A not Unminor problem

Peter K. peterk at enteract.com
Wed Apr 12 21:39:35 PDT 2000



>>To which I have to ask: if we did, I thought a major theme of Doug's book
>>is that financial markets aren't even efficient. Have I gotten something
>>wrong?
>They're efficient in the sense of incorporating all available
>information (almost) instantaneously, which is practically a
>tautology.
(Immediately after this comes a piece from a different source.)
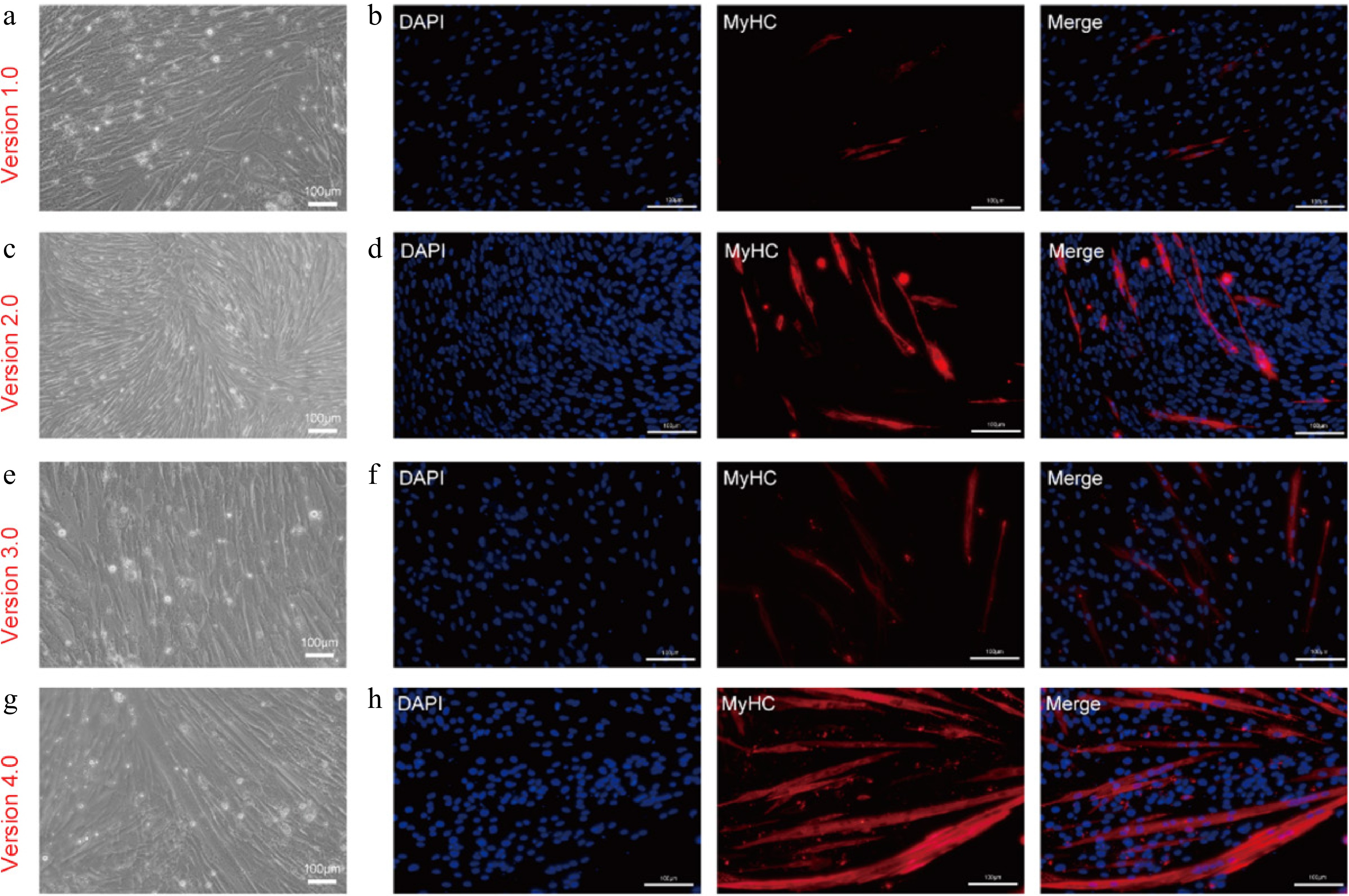 Myogenic differentiation of CDKN2A−/− SCs in serum-free condition. (a), (c), (e), (g) Bright-field images, and (b), (d), (f), (h) immunofluorescent staining of KO-15 MuSCs induced by different serum-free differentiation media at day 4: (a), (b) serum-free myogenic differentiation medium (Version 1.0). (c), (d) Serum-free adipogenic differentiation medium (Version 2.0). (e), (f) Modified serum-free myogenic differentiation medium with 10 ng/mL insulin (Version 3.0). (g), (h) Modified serum-free adipogenic differentiation medium without dexamethasone, 3-isobutyl-1-methylxanthine and rosiglitazone (Version 4.0). Scale bars, 100 μm.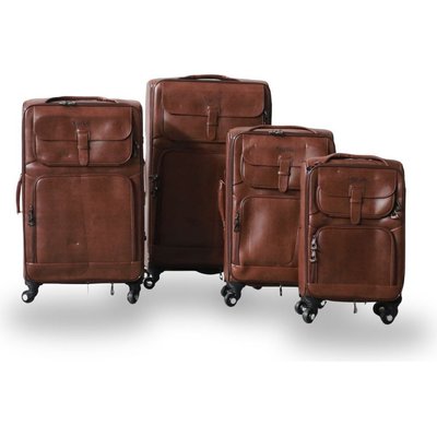 Roller Luggage Trolley Bag - Dark Brown (4 Piece) (Clip) (PU Leather) - Only Available to deliver to Major Cities

But the financial economist's sense of "efficient" has
>little to do with an ecologist's, engineer's, or anyone else's.
>
>Doug

Here's a new article on finance theory, "convergence arbitrage," and the problems that Russia’s devaluation of the rouble and partial default on its rouble-denominated debt in '98 caused for Long Term Capital Management:

http://www.lrb.co.uk/v22/n08/mack2208.htm

In it, the author writes, "As [LTCM's] difficulties grew, the Federal Reserve Bank feared the consequences for already nervous capital markets of a sudden forced liquidation of the fund’s large commitments, and therefore co-ordinated LTCM’s $3.6 billion recapitalisation by a consortium of American and European banks."

I wonder what would have happened had Big Government not meddled with the markets' efficient workings. This sort of thing is bound to happen again, no?